Nat Chem Biol. 2007 Nov;3(11):727-35. doi: 10.1038/nchembio.2007.33. Epub 2007 Sep 30.
The signaling pathway of nitric oxide (NO) depends mainly on guanosine 3',5'-cyclic monophosphate (cGMP). Here we report the formation and chemical biology of a nitrated derivative of cGMP, 8-nitroguanosine 3',5'-cyclic monophosphate (8-nitro-cGMP), in NO-mediated signal transduction. Immunocytochemistry demonstrated marked 8-nitro-cGMP production in various cultured cells in an NO-dependent manner. This finding was confirmed by HPLC plus electrochemical detection and tandem mass spectrometry. 8-Nitro-cGMP activated cGMP-dependent protein kinase and showed unique redox-active properties independent of cGMP activity. Formation of protein Cys-cGMP adducts by 8-nitro-cGMP was identified as a new post-translational modification, which we call protein S-guanylation. 8-Nitro-cGMP seems to regulate the redox-sensor signaling protein Keap1, via S-guanylation of the highly nucleophilic cysteine sulfhydryls of Keap1. This study reveals 8-nitro-cGMP to be a second messenger of NO and sheds light on new areas of the physiology and chemical biology of signal transduction by NO.

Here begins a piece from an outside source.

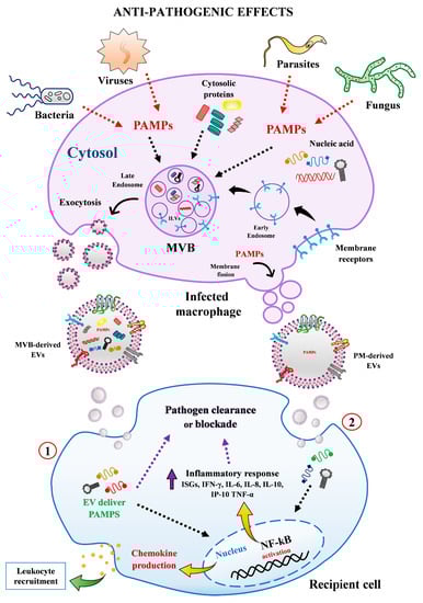 Anti-pathogenic effect mediated by EVs released from human macrophages. EVs secreted by infected macrophages may stimulate the clearance or blockade of pathogen growth in recipient cells by the following ways: (1) transporting PAMPs or pathogens antigens to enhance the expression of chemokines and recruitment of leukocytes to control the pathogen dissemination. (2) Transferring or stimulating proteins and molecules with anti-pathogenic effects, such as IFN-γ, IL-1β, IL-8, IL-6, IL-10, IP-10, TNF-α to diminish cell permissiveness to pathogen invasion. Abbreviations: MVBs, multivesicular bodies; PAMPs, pathogen-associated molecular patterns; PM, plasma membrane.
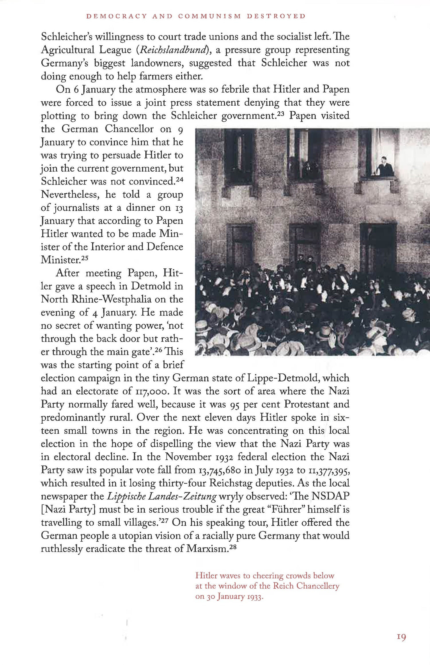 On January 30th, 1933, Adolf Hitler was appointed the German Chancellor of a coalition government by President Hindenburg. Within a few months he had installed a dictatorship, jailing and killing his leftwing opponents, terrorizing the rest of the population and driving Jews out of public life. He embarked on a crash program of militaristic Keynesianism, reviving the economy and achieving full employment through massive public works, vast armaments spending and the cancellations of foreign debts. After the grim years of the Great Depression, Germany seemed to have been reborn as a brutal and determined European power.

一氧化氮(NO)的信号通路主要依赖于3',5'-环磷酸鸟苷(cGMP)。在此,我们报告了cGMP的一种硝化衍生物8-硝基-3',5'-环磷酸鸟苷(8-硝基-cGMP)在NO介导的信号转导中的形成及其化学生物学特性。免疫细胞化学显示,在各种培养细胞中,8-硝基-cGMP以NO依赖的方式大量产生。这一发现通过高效液相色谱结合电化学检测和串联质谱得到了证实。8-硝基-cGMP激活了cGMP依赖性蛋白激酶,并表现出独立于cGMP活性的独特氧化还原活性特性。8-硝基-cGMP形成蛋白半胱氨酸-cGMP加合物被鉴定为一种新的翻译后修饰,我们将其称为蛋白S-鸟苷化。8-硝基-cGMP似乎通过对Keap1高度亲核的半胱氨酸巯基进行S-鸟苷化来调节氧化还原传感器信号蛋白Keap1。这项研究揭示了8-硝基-cGMP是NO的第二信使,并为NO信号转导的生理学和化学生物学新领域提供了线索。